Currently, a large number of home automation products are being developed in the United States, and developers hope that retail sales to users will bring about the full popularity of CEBus-compatible products. These products include lighting controllers, wireless security systems, central heating and ventilation, handheld RF remote controls, audio and video equipment controls, and more. Moreover, many equipment providers promise users that they can easily install power management systems on existing user products and perform meter reading, load control and provide services such as security monitoring. Some commercial applications now use CEBus phase-locked technology and radio frequency spread spectrum carrier technology, and are considering compatibility with CEBus.

Systems using power line technology and radio frequency technology enable owners of coin machines (such as arcade, gaming and retail machines) to monitor coin flow and type, machine diagnostics, and inventory levels. Communication between reception desk and rooms in the hotel industry uses SSC technology based on power lines or coaxial cables to enable a variety of applications, such as room entrance control, room occupancy monitoring, power management, video on demand, in-room safes, and minibar monitoring. Cashless public transportation systems are also using radio frequency technology to transmit passenger traffic statistics from buses or trains to master control terminals. The DC bus is used in the transportation industry to monitor the performance of braking, refrigeration, lighting and other critical systems such as cars, trailers, trains, etc. Traffic intersection control and monitoring can be achieved using radio frequency technology. Public lighting in at least one city in Europe is controlled by an SSC power line communication system, using linear frequency modulated pulse signals from 20KHz to 80KHz. As these technologies mature and become more cost-effective, their applications are likely to become more widespread.

Since the late 1980s, domestic research on SSC technology for power lines and RF has gradually increased. The research direction is mainly concentrated in the fields of water and electricity remote meter reading, security and security, etc. Wider and more in-depth applications still need to be further developed. At present, one of the more successful applications in China is the street light control system of a residential area in Suzhou, which is implemented using SSC power line communication technology. Operation practice shows that the system is stable and reliable.

The American company INTELLON has integrated all the functions required to implement the above-mentioned new signal technology in a low-cost application-specific integrated circuit (ASIC).
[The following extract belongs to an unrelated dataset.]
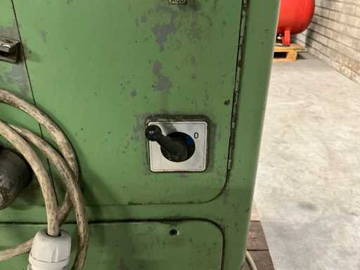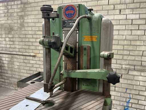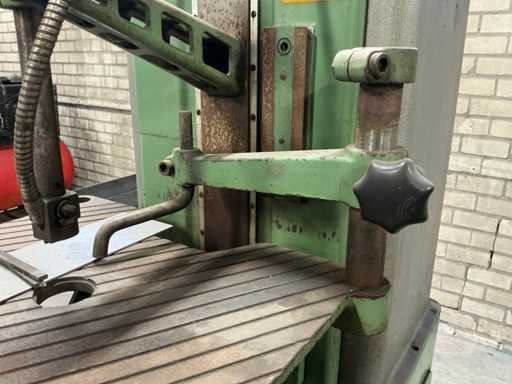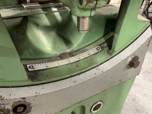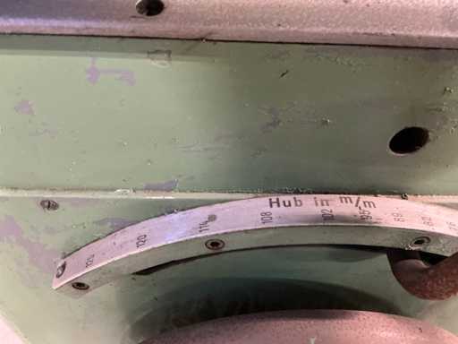 Equipped with: main switch, 380v connection, stroke adjustment, tiltable table, workpiece clamp, stroke 40-120mm, speed 60-300min, swivel 15°.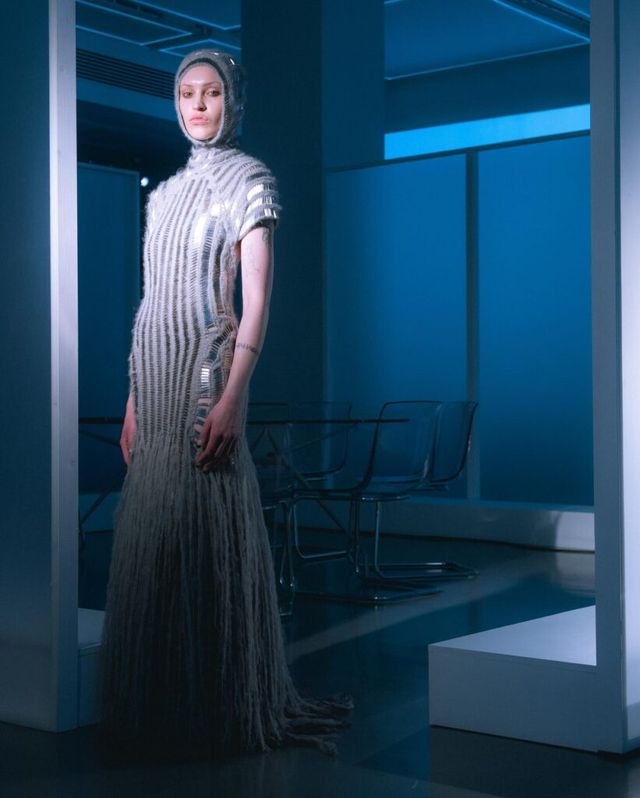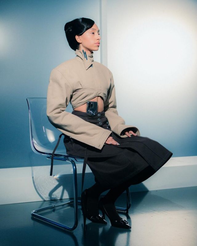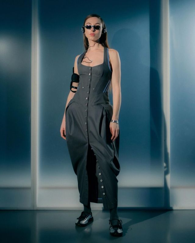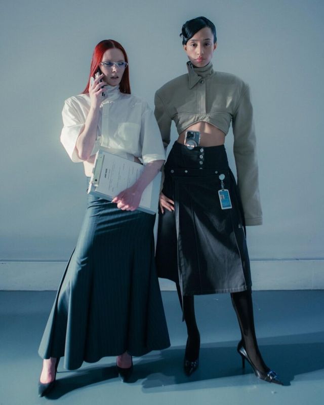 2021년 론칭한 제인 웨이드는 오피스웨어와 고프코어를 접목한 디자인을 선보입니다. 사무복과 일상복의 경계를 무너뜨리고자 하는 그녀는 오피스 웨어를 실용적으로 재해석해 고전적인 비즈니스 룩을 탈피하고자 하죠. 이번 컬렉션에 등장한 오버사이즈 재킷, 어깨를 강조한 트렌치코트, 하드웨어 디테일을 더한 드레스 등이 바로 그 예입니다. 벨트 고리에 건 아이디 카드, 서류 파일, 텀블러 등 실제 사무실에서 볼 법한 디테일도 놓치지 않았네요.

In addition to generating signals, the ASIC also provides all timing requirements specified by the EIA CEBus physical layer specification, generating a 16-bit CRC for every packet sent, simply requiring the master to encode or decode 8 data USTs at a time, and monitor the provided indicators state. This enables the production of very cheap communication control products using SSC PL/RF technology. The company claims to have the technology to achieve a 10Mb/s communication bit rate on AC power lines. More America. European companies have industrialized power line communication products with communication bit rates of several K to hundreds of K, such as ANI, ECHELON, NOVELL and other companies.

Conclusion

Two new spread spectrum technologies introduced in this article can enable cheap and reliable power line or radio frequency control networks. This technology is not only supported by the North American CEBus standard for home networks, but is also widely supported in many commercial applications that can benefit from wireless communications. In addition to home automation and building automation, other more common applications include: remote sensing, traffic control and monitoring, building entrance control, remote control points for sales transaction processing, public transportation utilization monitoring, power management, vehicle system management, retail machine monitoring, etc. . As these technologies mature and become more cost-effective, more novel and creative applications will emerge.